Fellow Time Travelers

For Wilshire Baptist Church

It’s the strangest sensation to poke around on Facebook and click through a string of friends of friends of friends and suddenly peek into the lives of people you once were close to but you haven’t seen in decades and haven’t even thought about. 

There’s Truett, for example, who I went to grade school with and lost touch with when his family moved away. He was a nice kid and we had sleepovers a few times and played guitars together on the playground. But now he owns a vending machine business in Florida and he’s big into skydiving and has photos of himself and dozens of other divers creating snowflakes and other complex formations high above the earth. And then there’s Eric, who was a neighbor a few houses down and a little bit on the wild side, starting fires with matches and running across rooftops. It appears that he grew up to be a military man and is into muscle cars up in the Pacific Northwest. Both Eric and Truett were playmates for a season, but somewhere between grade school and high school they disappeared.

There are others out there that have been lost to the years, and I see them now 40 or even 50 years later on social media and I think, “Now wait a minute: How did they get from Point A to Point B? And how did they get there without me because we were so involved with each other’s lives once upon a time?”

These are discoveries that my parents couldn’t make about their friends when they were my age without going back to class reunions. I’m so glad I don’t have to do that because I find those gatherings awkward and uncomfortable.

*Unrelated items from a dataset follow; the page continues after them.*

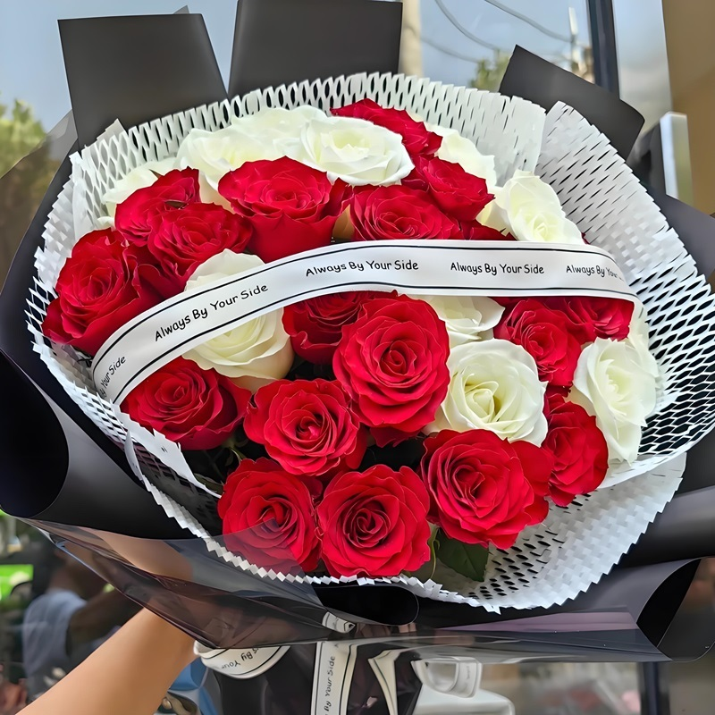 19朵红玫瑰,14朵白玫瑰,丝带搭配
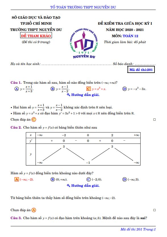 Đề thi tham khảo giữa HKI Toán 12 năm 2020 – 2021 trường THPT Nguyễn Du – TP HCM
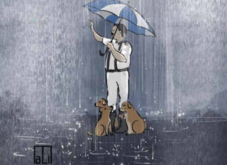 L’immagine che ha fatto il giro del mondo in pochissimo tempo arriva da un paese lontano, esattamente da Calcutta. Nell’ultimo periodo il paese è colpito da pesanti piogge che non danno tregua. Tarun Kumar Mandal, agente di polizia, si trovava a lavoro in mezzo al traffico e sotto la pioggia quando due cagnolini si sono avvicinati.
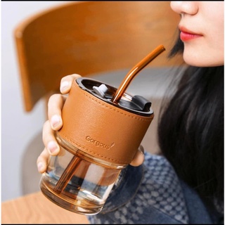 Cốc thủy tinh Gorgous vỏ da có nắp, ống hút đi kèm ( màu ngẫu nhiên )
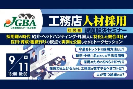 2023年9月11日、一般社団法人日本優良ビルダー普及協会(JGBA)主催の「工務店人材採用課題解決セミナー」がリアルとオンラインを組み合わせた形式で開催されました。このセミナーは、地域密着型の工務店が直面する人材不足問題に対処するための情報共有と実践的な知見を集めたもので、30名の参加者が集まりました。

Now all that information is just a few clicks away, and it’s interesting in a weird, time travel kind of way to see where people are and what they’ve become. But social media has a way of bending time and space that feels edgy and unsettling. Forty years ago seems so close, and yet I see wrinkled, gray-haired men and women on the computer screen and I almost feel like I can’t breathe. Actually, I almost feel like this life isn’t real — like I’m an actor in a play or a character in one of my own dreams.

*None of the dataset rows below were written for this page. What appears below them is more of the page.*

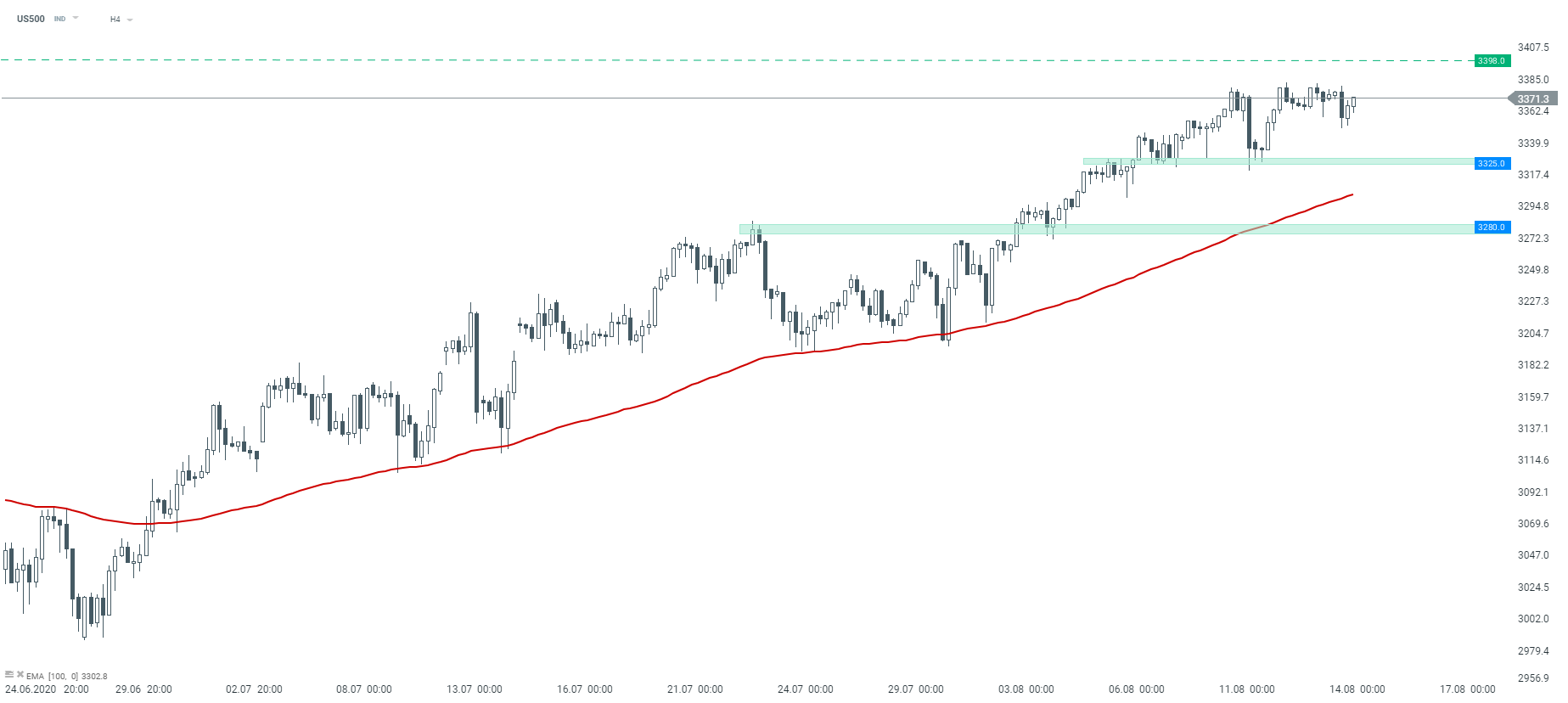 Pomimo mniejszej dynamiki wzrostów, główny trend na US500 pozostaje wzrostowy. Notowania zbliżają się powoli do historycznych szczytów - 3398 pkt. Najbliższe wsparcie stanowi poziom sekwencji przy 3325 pkt. Źródło: xStation5
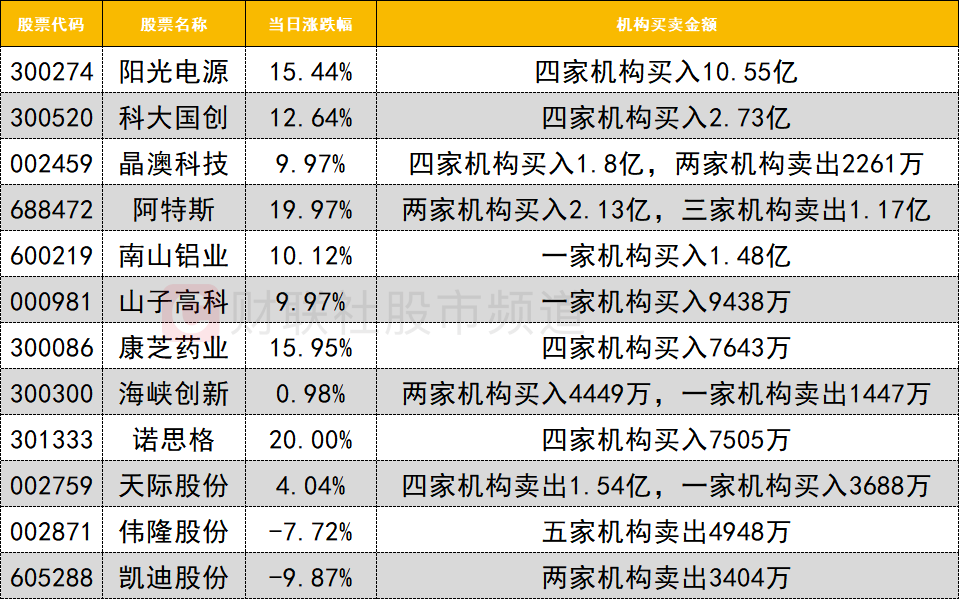 卖出方面,固态电池概念股天际股份遭四家机构卖出1.54亿。今日阿特斯20cm涨停,遭三家机构卖出1.17亿,同时获两家机构买入2.13亿。
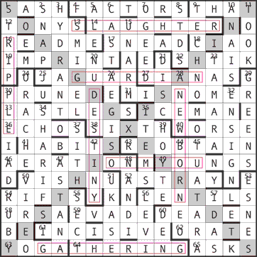 The grid may be completed as shown below. For a detailed explanation of the cryptic clues, click here. One diagonal reads YES, THIS X IS A HINT.
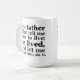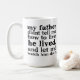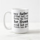 Father Quote Coffee Mug makes a great father's day gift! It reads: "My father didn't tell me how to live; he lived, and let me watch him do it."
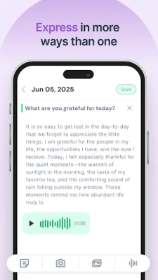 Audio & Image Journaling: Capture life's moments vividly by adding voice notes, photos, or drawings to your journal entries, making your reflections richer and more personal.
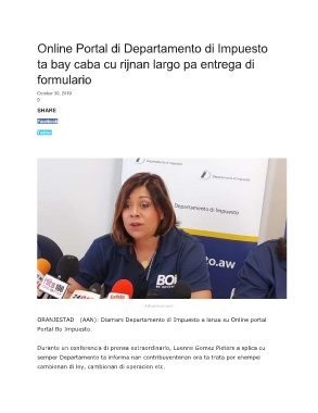 ORANJESTAD (AAN): Diamars Departamento di Impuesto a lanza su Online portal
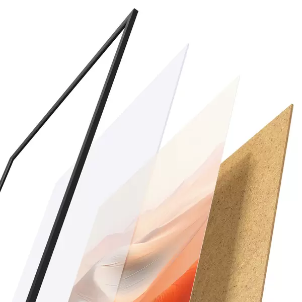 Plakat składa się z ramy, pleksi, wydrukowanego obrazu i podkładu z płyty wiórowej. Plakat można natychmiast zawiesić na ścianie dzięki uchwytom z tyłu.
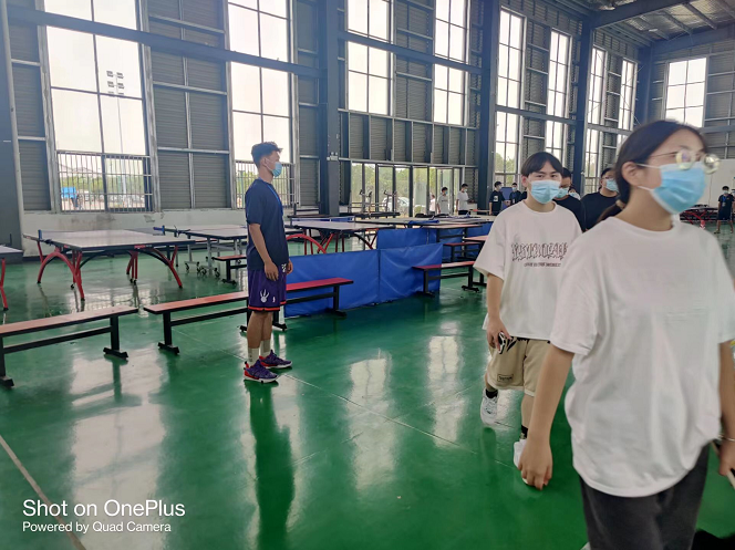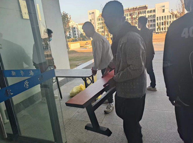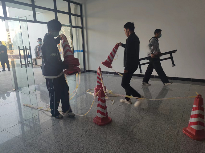 在此期间,每天12点刘文锋就和校卫队员提前布置场地、设置警戒带和安全检测通道等,引导学生佩戴好口罩分批在检测点外有序排队进入,按照1米间距指引,依次排队扫码、核酸采样、安全离开离场,确保核酸采样工作井然有序地进行。

I saw an obit in the paper with a name that seemed familiar and I followed the trail on social media to an old friend from high school who I’d not thought about in decades and that really made me sad. And yet there’s probably no way we can keep all of these friends close to us. There’s just not enough time or space or room to hold and keep them all. 

Leaving school days behind, I’ve worked a lot of different places, and I’ve usually left with at least one good friend who has transcended that brief work time together. It’s mostly happened naturally because as an introvert I have trouble handling multiple relationships, but give me one or two good connections and I’m happy. These friends add pieces to the puzzle of our lives and help complete the picture that we see on our last days — or that people see of us.

I believe God is the author of our lives, and these friends, whether brief or long-term, are gifts. Some will travel every turn of the road with us, some will accompany us for brief segments of the trip, and some are just characters we encounter at the rest stops along the way. But each one of them is a gift.